# [Assignment]
With the pictures left out, print exactly the lines below that run from the one containing "上述主要数据中,为简单起见,销项税的计算" through the one containing "年長児・年中児は外のポストへ、年少児は局内のポストへ!".

# [Records]
────────
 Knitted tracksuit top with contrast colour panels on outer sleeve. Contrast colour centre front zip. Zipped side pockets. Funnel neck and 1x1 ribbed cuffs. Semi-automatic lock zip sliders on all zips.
────────
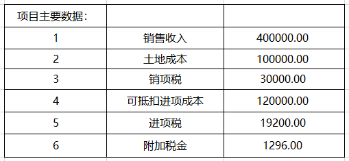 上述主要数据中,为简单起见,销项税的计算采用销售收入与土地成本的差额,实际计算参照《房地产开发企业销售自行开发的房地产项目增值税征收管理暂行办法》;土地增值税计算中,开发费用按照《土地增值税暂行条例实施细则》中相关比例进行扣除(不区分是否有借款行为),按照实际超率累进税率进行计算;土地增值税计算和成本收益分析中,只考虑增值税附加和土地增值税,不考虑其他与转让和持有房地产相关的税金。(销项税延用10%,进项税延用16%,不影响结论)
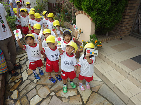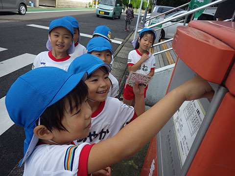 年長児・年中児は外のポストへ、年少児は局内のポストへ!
────────
# [Problem solution]
 上述主要数据中,为简单起见,销项税的计算采用销售收入与土地成本的差额,实际计算参照《房地产开发企业销售自行开发的房地产项目增值税征收管理暂行办法》;土地增值税计算中,开发费用按照《土地增值税暂行条例实施细则》中相关比例进行扣除(不区分是否有借款行为),按照实际超率累进税率进行计算;土地增值税计算和成本收益分析中,只考虑增值税附加和土地增值税,不考虑其他与转让和持有房地产相关的税金。(销项税延用10%,进项税延用16%,不影响结论)
 年長児・年中児は外のポストへ、年少児は局内のポストへ!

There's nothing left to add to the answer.